BACKGROUND OF THE INVENTION
This invention relates to a compound dual unidirectional friction hinge and particularly a hinge that is fastened at the same direction and capable of turning in one direction.
The presently known notebook computers or handheld computers generally use a hinge to pivotally connect the display screen with the computer processor. When in use, users may unfold the display screen to see the screen. When not in use, fold the display screen upon the processor to shrink the size and make carrying and storing easier.

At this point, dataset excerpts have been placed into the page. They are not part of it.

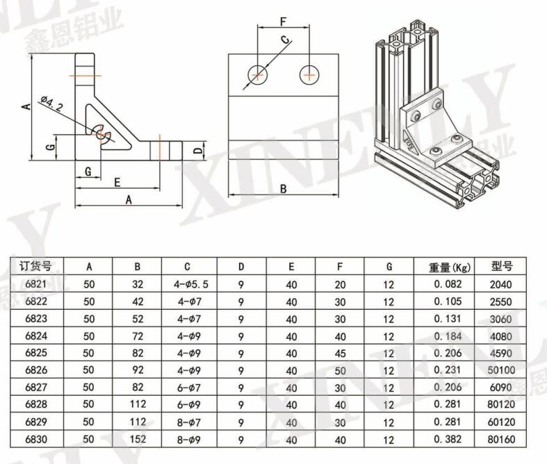 技術參數: 鋁型材配件直角角件
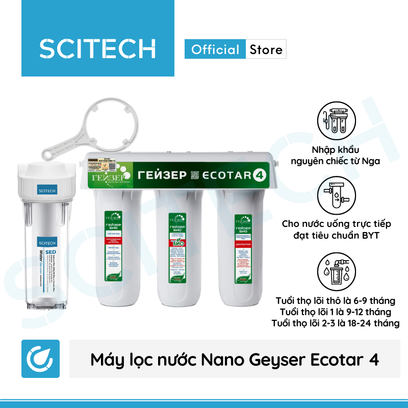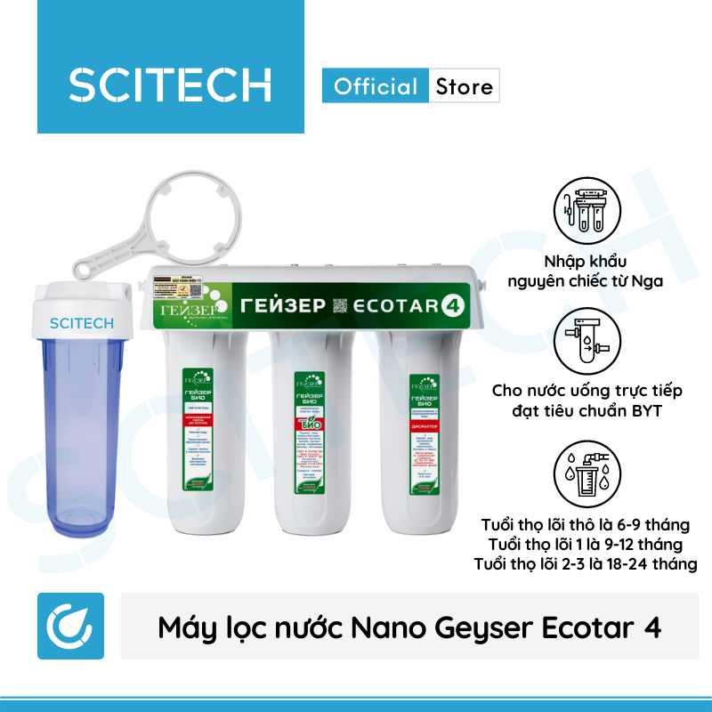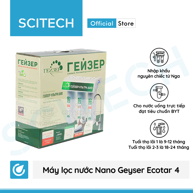 ✨Máy lọc nước Nano Geyser Ecotar 4 kèm bộ đơn lọc thô 10 inch by Scitech - Hàng chính hãng
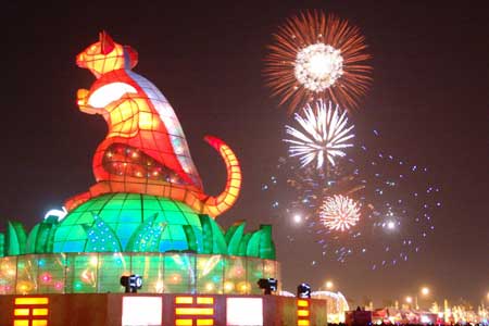 2008臺灣燈會二日晚間在臺南縣閉幕,主燈“禮鼠獻(xiàn)瑞”在最后一次展演后熄燈。“中央社”圖 楊思瑞 攝
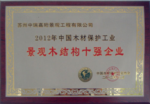 2012年景觀木結(jié)構(gòu)十強(qiáng)企業(yè)證書

- SUMMARY OF THE INVENTION
The pivotal connection for the display screen and processor set forth above mostly is done through a hinge. A conventional hinge generally consists of a pivot pin and two knuckle sleeves pivotally engaged with the pivot pin. The pivot pin may be disposed on the display screen or the processor. The knuckle sleeves may also be fastened to the display screen or the processor. How to make the arrangement of the pivot pin and knuckle sleeves depends on producers' design. Nevertheless, during turning, the hinge usually is under two states. In the first state, the pivot pin remains stationary and the knuckle sleeves are turning. In the second state the pivot pin is turning but the knuckle sleeves remain stationary. Either way will cause bi-directional friction wearing and metal fatigue. After repetitive using for a long period of time, the gap between the pivot pin peripheral diameter and the knuckle sleeves inner diameter will increase and result in wobbling and producing friction noise when folding or unfolding the display screen.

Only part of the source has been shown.